Molecular line profiles as diagnostics of protostellar collapse: modelling the `blue asymmetry' in inside-out infall

TL;DR

This study models molecular line profiles in collapsing star-forming cores to understand how line asymmetries, especially blue asymmetry, can serve as indicators of collapse stages, considering chemical and temperature variations.

Contribution

It introduces a chemodynamical model coupling chemistry and radiative transfer to analyze molecular line asymmetries in protostellar collapse, highlighting the impact of temperature and chemical distributions.

Findings

Blue asymmetry correlates with collapse stage in models.

Warm central regions produce higher blue asymmetry.

Line profiles are sensitive to chemical abundance and temperature distributions.

Abstract

The evolution of star-forming core analogues undergoing inside-out collapse is studied with a multi-point chemodynamical model which self-consistently computes the abundance distribution of chemical species in the core. For several collapse periods the output chemistry of infall tracer species such as HCO+, CS, and N2H+, is then coupled to an accelerated Lambda-iteration radiative transfer code, which predicts the emerging molecular line profiles using two different input gas/dust temperature distributions.
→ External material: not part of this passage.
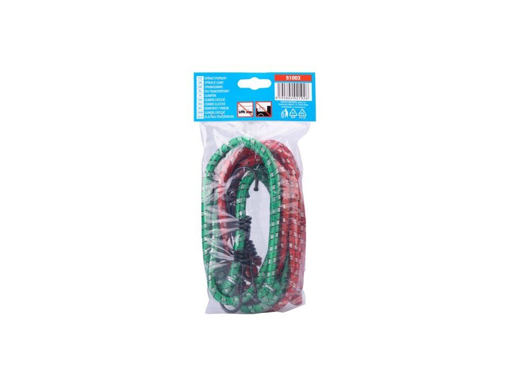 Elastické gumové popruhy, opletené polyesterem a zakončené oboustranně háky z ocelových poplastovaných drátů k uchycování zavazadel.Dodatočné parametre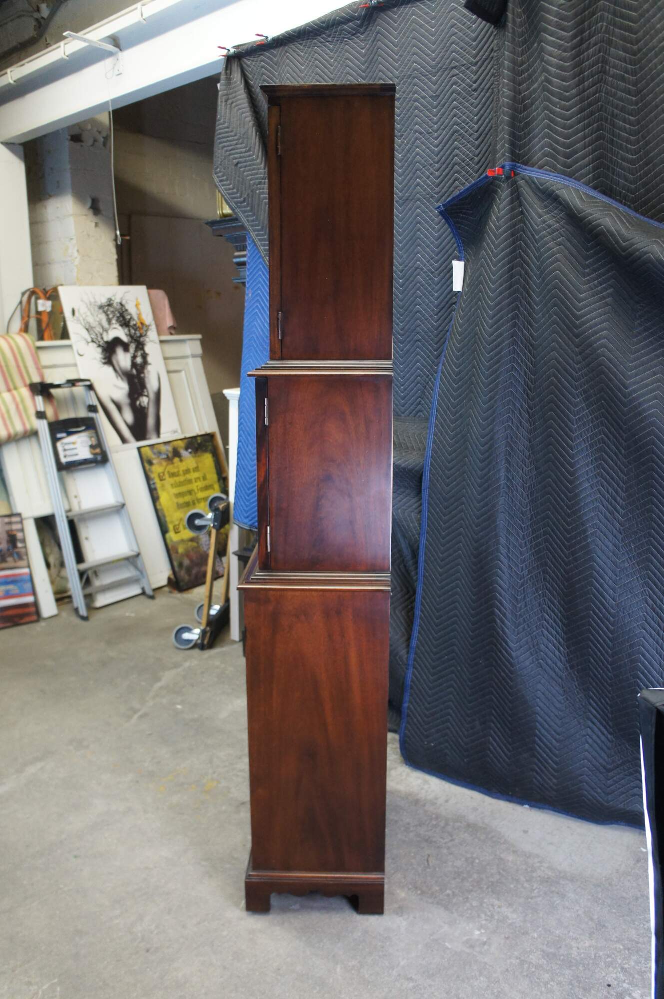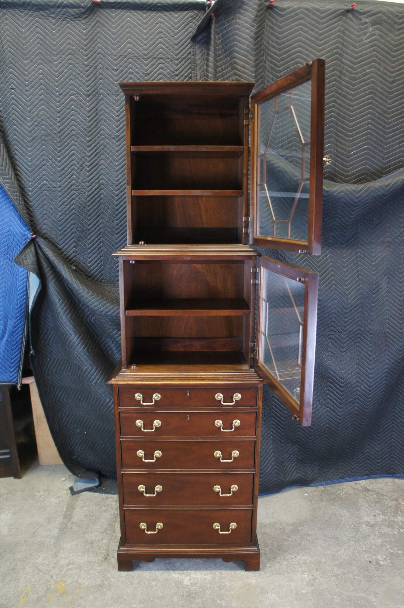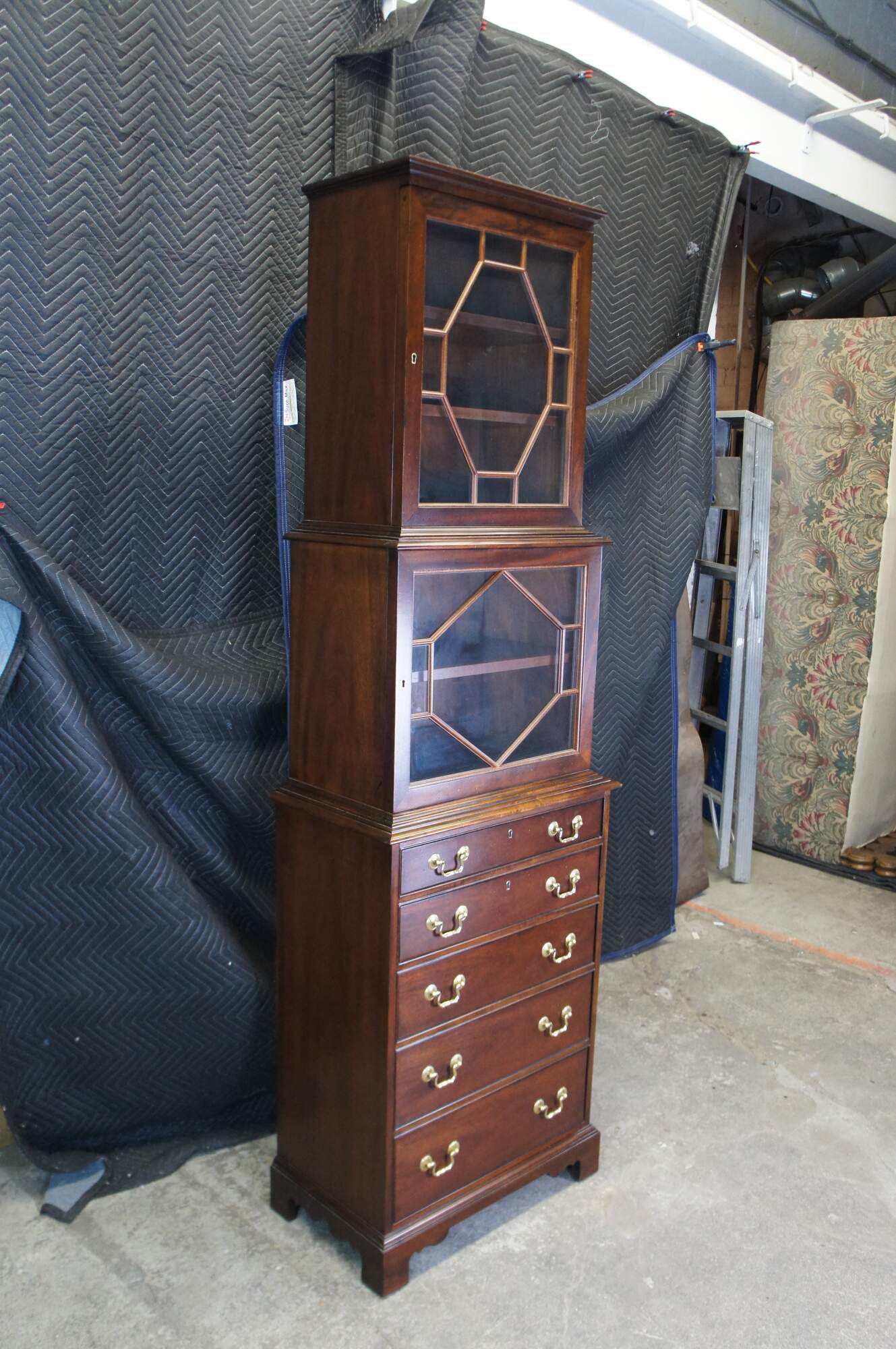 Set of two vintage Hickory Chair Co English Georgian style Park Avenue tall flatware china / curio cabinets / bookcases / chests of drawers / bureaus. Made of mahogany featuring two upper cabinets with fretwork doors and five lower storage drawers.

We investigate the sensitivity of the predicted spectral line profiles and line asymmetry ratios to the core temperature distribution, the time-dependent model chemistry, as well as to ad hoc abundance distributions. The line asymmetry is found to be strongly dependent on the adopted chemical abundance distribution. In general, models with a warm central region show higher values of blue asymmetry in optically thick HCO+ and CS lines than models with a starless core temperature profile. We find that in the formal context of Shu-type inside-out infall, and in the absence of rotation or outflows, the relative blue asymmetry of certain HCO+ and CS transitions is a function of time and, subject to the foregoing caveats, can act as a collapse chronometer. The sensitivity of simulated HCO+ line profiles to linear radial variations, subsonic or supersonic, of the internal turbulence field is investigated in the separate case of static cores.